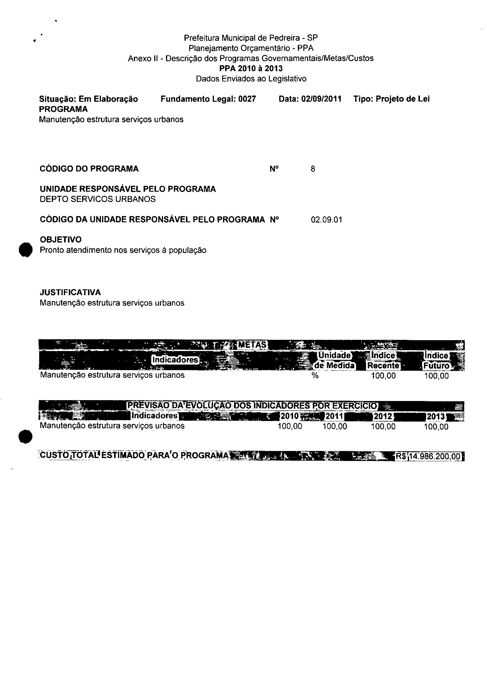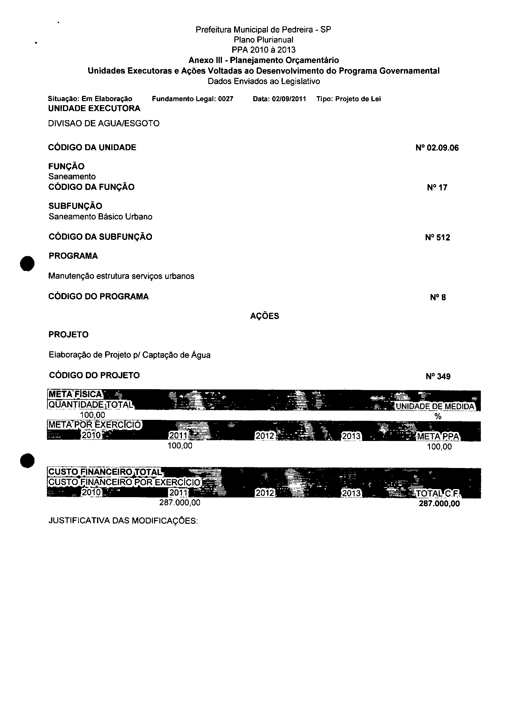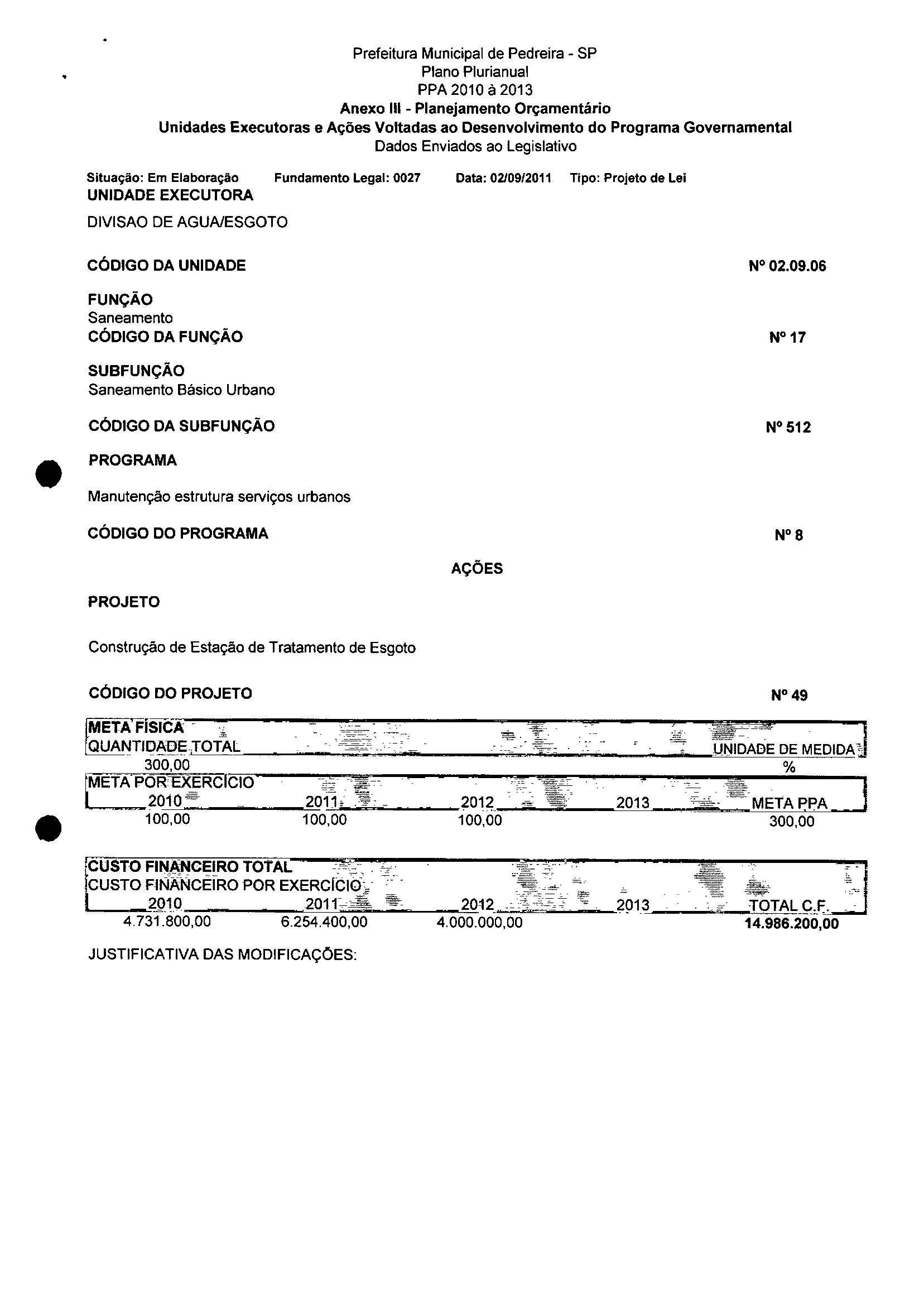 Ementa: Dispõe sobre a alteração dos anexos II e III -da Lei . nº 2977, de 5 de novembro de 2009 -Plano Plurianual - para o Quadriênio de 2010/2013 e a alteração dos anexos V e VI -da Lei nº 3040, de 10 de junho de 2010 -Lei de Diretrizes Orçamentárias para o exercício de 2011.
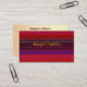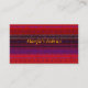 This business card advertises a fabric shop which specialises in fabrics for fashion and home decor, sewing machines, notions and accessories. This colourful fine art design features an image of a colourful abstract pattern of woven horizontal bands. The brilliant colours of red, purple, blue and black seem to glow. The reverse side has all the pertinent text which can be customised to suit your needs.
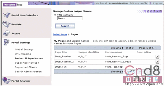 在 WebSphere Portal 中选择 Administration => Portal Settings => Custom Unique Names。我们使用 Custom Unique Names 治理 portlet 来获取为 contentNode 属性指定的门户资源的惟一标识符。治理员可以使用 Custom Unique Names portlet 来查看惟一标识符并为门户资源分配(让人易读的)自定义名称。图 2 显示了这些已配置的样本页面的惟一标识符和自定义名称:
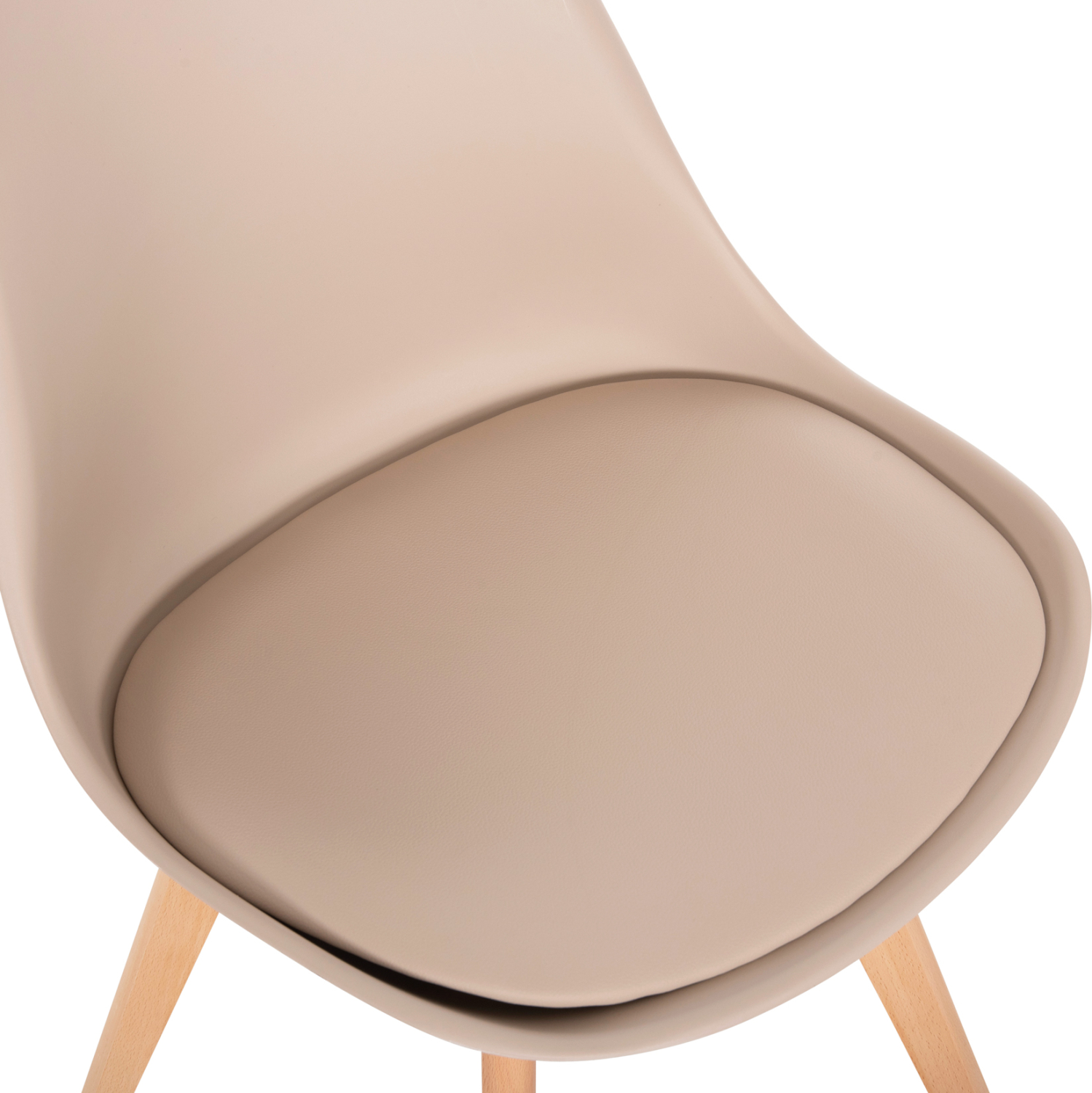 Ένα ορθογώνιο τραπέζι με πόδια από MDF σε SONAMA χρώμα και γυάλινη επιφάνεια, και 4 καρέκλες με πόδια οξιάς σε ΦΥΣΙΚΟ χρώμα και κάθισμα πολυπροπυλενίου με μαξιλαράκι από PU leather σε χρώμα ΚΑΠΟΥΤΣΙΝΟ.
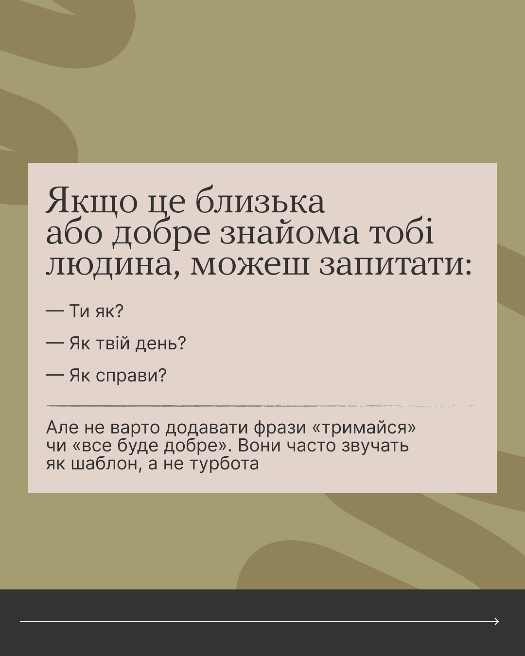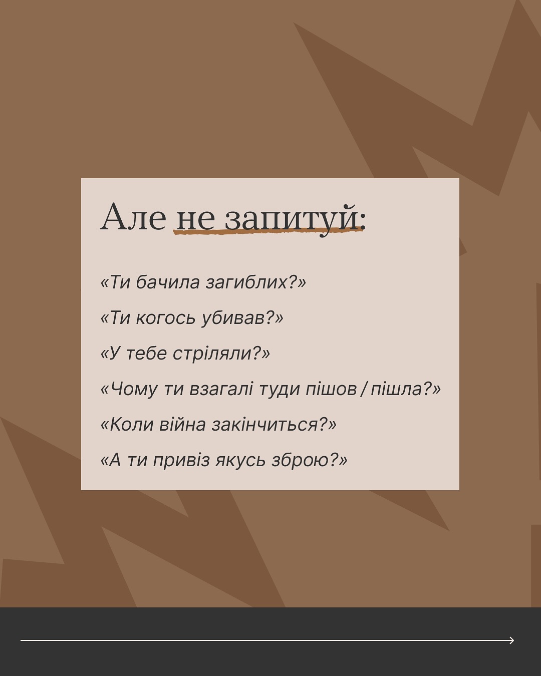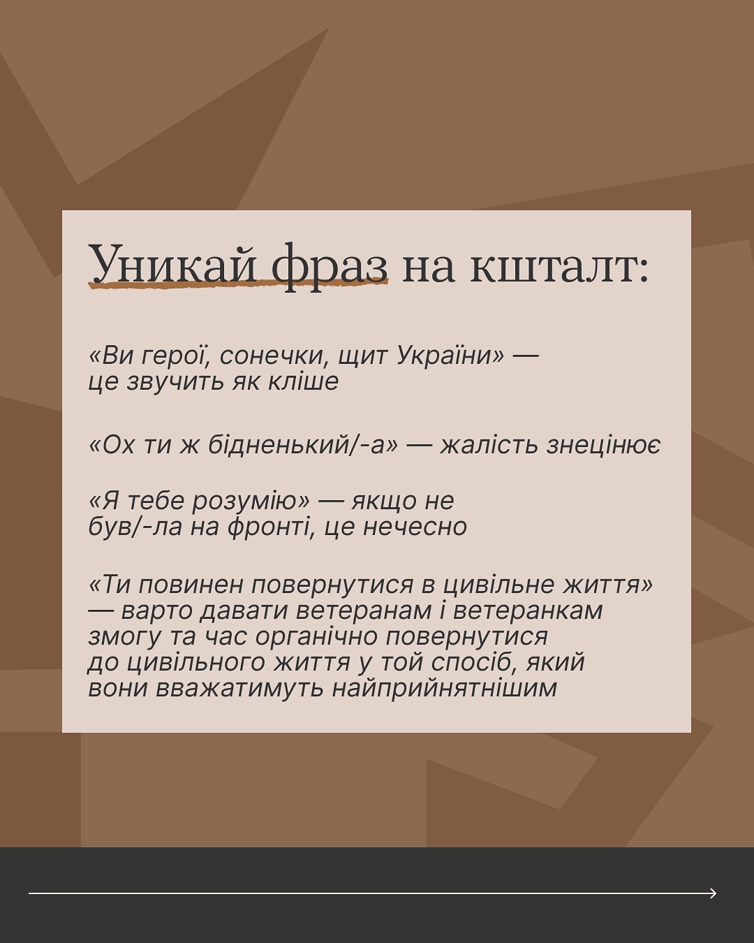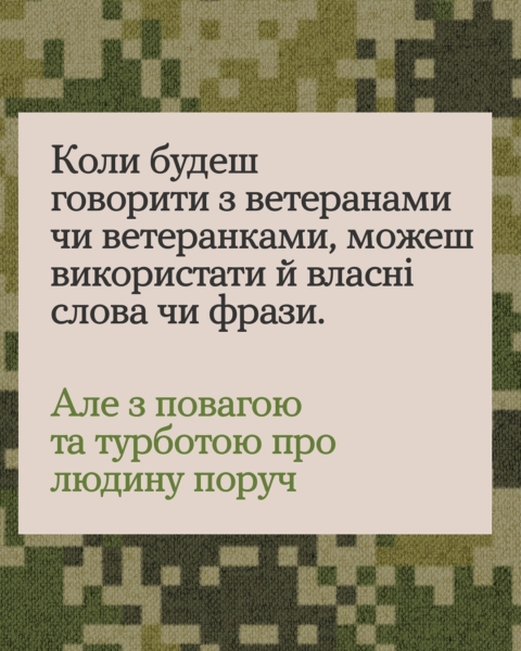 18 листопада 2025Якщо переживаєш, що в розмові з ветераном чи ветеранкою можеш сказати щось не те — читай карусель 👉

## WHAT THIS TASK INVOLVES
Reproduce the material in full, word for word, and omit the pictures.

## RESULT OF THIS TASK
 Ementa: Dispõe sobre a alteração dos anexos II e III -da Lei . nº 2977, de 5 de novembro de 2009 -Plano Plurianual - para o Quadriênio de 2010/2013 e a alteração dos anexos V e VI -da Lei nº 3040, de 10 de junho de 2010 -Lei de Diretrizes Orçamentárias para o exercício de 2011.
 This business card advertises a fabric shop which specialises in fabrics for fashion and home decor, sewing machines, notions and accessories. This colourful fine art design features an image of a colourful abstract pattern of woven horizontal bands. The brilliant colours of red, purple, blue and black seem to glow. The reverse side has all the pertinent text which can be customised to suit your needs.
 在 WebSphere Portal 中选择 Administration => Portal Settings => Custom Unique Names。我们使用 Custom Unique Names 治理 portlet 来获取为 contentNode 属性指定的门户资源的惟一标识符。治理员可以使用 Custom Unique Names portlet 来查看惟一标识符并为门户资源分配(让人易读的)自定义名称。图 2 显示了这些已配置的样本页面的惟一标识符和自定义名称:
 Ένα ορθογώνιο τραπέζι με πόδια από MDF σε SONAMA χρώμα και γυάλινη επιφάνεια, και 4 καρέκλες με πόδια οξιάς σε ΦΥΣΙΚΟ χρώμα και κάθισμα πολυπροπυλενίου με μαξιλαράκι από PU leather σε χρώμα ΚΑΠΟΥΤΣΙΝΟ.
 18 листопада 2025Якщо переживаєш, що в розмові з ветераном чи ветеранкою можеш сказати щось не те — читай карусель 👉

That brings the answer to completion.